Korea’s first locally built satellite-carrying rocket is on track for a launch in early 2021, the state-run aerospace research institute said Sunday, opening a new chapter in the country’s space exploration program.

The three-stage Nuri rocket that can carry a 1.5-ton satellite into low orbit is undergoing extensive tests at the Naro Space Center in Goheung County, South Jeolla, with the so-called flight model that will be launched into space set to be assembled later this year, according to the Korea Aerospace Research Institute (KARI).

The Nuri rocket is made up of a first stage that is a clustering of four 75-ton thrust liquid-fueled rockets. This is attached to a single 75-ton rocket forming the second stage. The third stage is a seven-ton thrust rocket that will place the payload into orbit 600-800 kilometers (373-497 miles) from Earth.

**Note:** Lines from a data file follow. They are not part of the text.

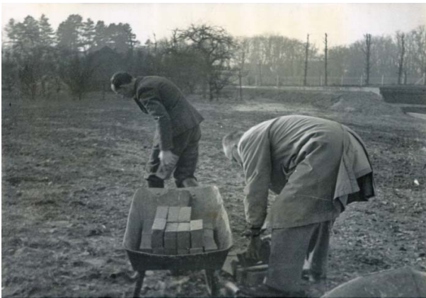
Laying out the Brick Stacks for the piers - 1952 (IPB-0274)
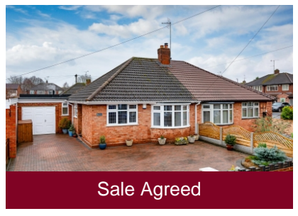
13 Kirkstone Crescent, Wombourne, Wolverhampton
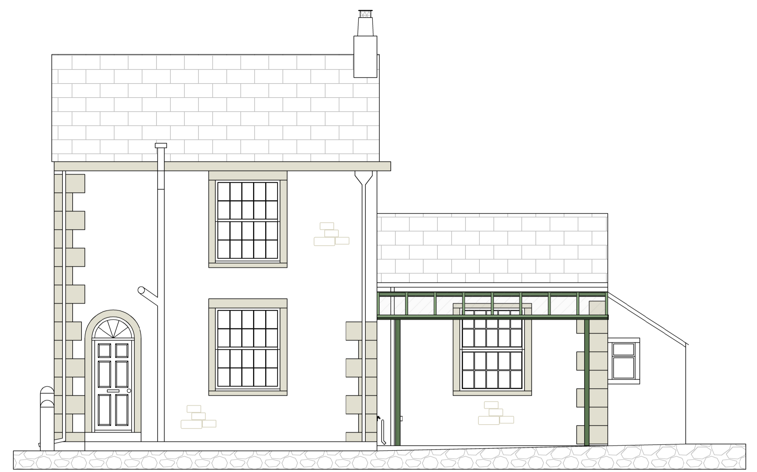
Proposed North Elevation (Side view from Malt Kiln Lane)
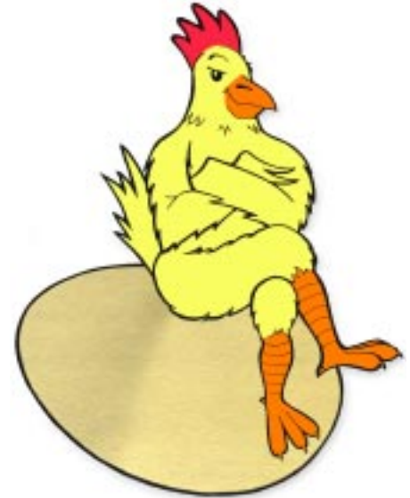
Geese aren't the only ones TM that can lay golden eggs

No. This product does not contain any growth hormones, bacteria, or live products. It is a natural enzyme-based water additive. Enzymes act as catalysts to make other processes function more efficiently. CI 3-4 Poultry is not only safe, it has no residual carryover.
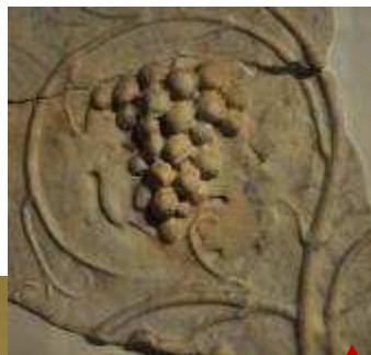
Grapes in marble, high relief
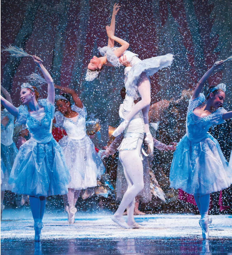
The Joffrey Ballerinas The Nutcracker

It's all happening in Illinois this winter.
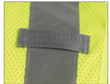
Mic Tab allows for quick & easy access to hand microphone
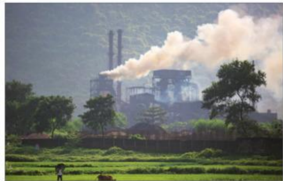
Smoke rises from a coal-powered steel plant at Hehal village near Ranchi earlier this year
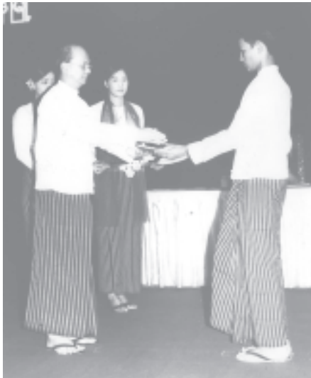
Secretary-1 Lt-Gen Thein Sein presents gift to an outstanding child student of a MWVO member.

In 1974, the constitution based on single party system was ratified. But the agro-based economy of the system failed to fulfill the needs of the growing population. During the time, some neighboring nations were able to set up the industrial economic system and gained rapid progress. Myanmar lagged behind in every aspect and in the end an unrest occurred in the nation. Hence, the Tatmadaw had to take over the State duties in 1988. It was not its wish to grab power, but just to discharge the historic duty.
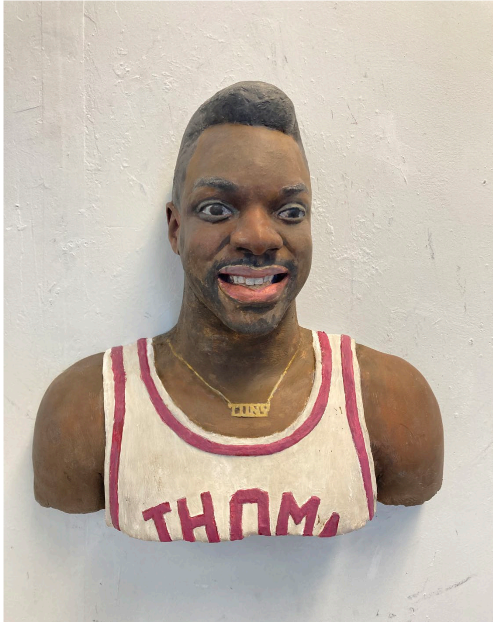
John Ahearn Big Tone Acrylic on plaster 21 x 21 x 8 1/2 inches 1988
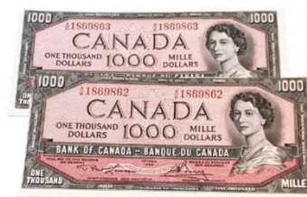
Canada stopped producing $25 and $500 bank notes in 1935, and they ceased to be legal tender as of January 1, 2021, along with the $1, $2, and $1,000 bills from every Bank of Canada series.

Combatting crime is also why an entire regime was established in Canada (and other countries) that requires casinos, banks, and other financial institutions to report any transactions (or combined transactions within 24 hours) of $10,000 or more, regardless of the payment method. 68, 69 Some jurisdictions have gone further: A new provision in Quebec’s Bill 54, adopted in March 2024, makes it a crime to carry $2,000 or more in cash and requires individuals to justify their possession of such sums, even without evidence of criminal activity. 70
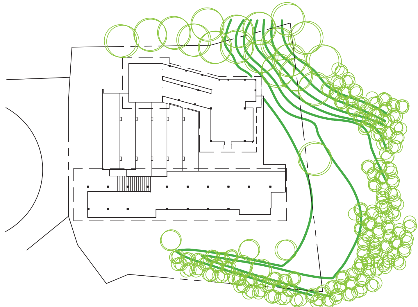
SITE PLAN 1/32"=1'-0" 0" 32"

Once the rocket is put together, the first rocket with a mock payload is scheduled to be shot into space in February next year, with the second, carrying a real satellite, to be launched in October.

Seoul has earmarked over 1.9 trillion won ($1.6 billion) from March 2010 to design and develop the 200-ton, 47.2-meter (155-foot) Nuri, or Korea Space Launch Vehicle II (KSLV-II).

Korea hopes that the latest launch project will allow it to acquire necessary expertise and know-how to build even more sophisticated rockets and launch support facilities.

The country sent the 140-ton Naro rocket into space and placed a 100-kilogram satellite into orbit in January 2013 after two failed attempts, but the first-stage, main rocket on that launch vehicle was built in Russia, with only the much smaller second stage being made in Korea.

“We experienced some difficulties from late 2015 through early 2016 during the designing and prototype-building phase of the 75-ton rocket, but the program has been progressing in an orderly manner, with KARI successfully sending the new rocket into space as part of its verification test in November 2018,” Ko Jeong-hwan, the head of the KSLV-II program office, said.

The single-engine test vehicle that is equivalent to the second stage of the Nuri rocket reached an altitude of 209 kilometers from the surface of the Earth and flew 429 kilometers.

Besides the rocket, Kari said it is in the process of building its own 45.6-meter-tall launch pad for the Nuri rocket that will have umbilical cables and arm braces that will detach from the vehicle just prior to liftoff.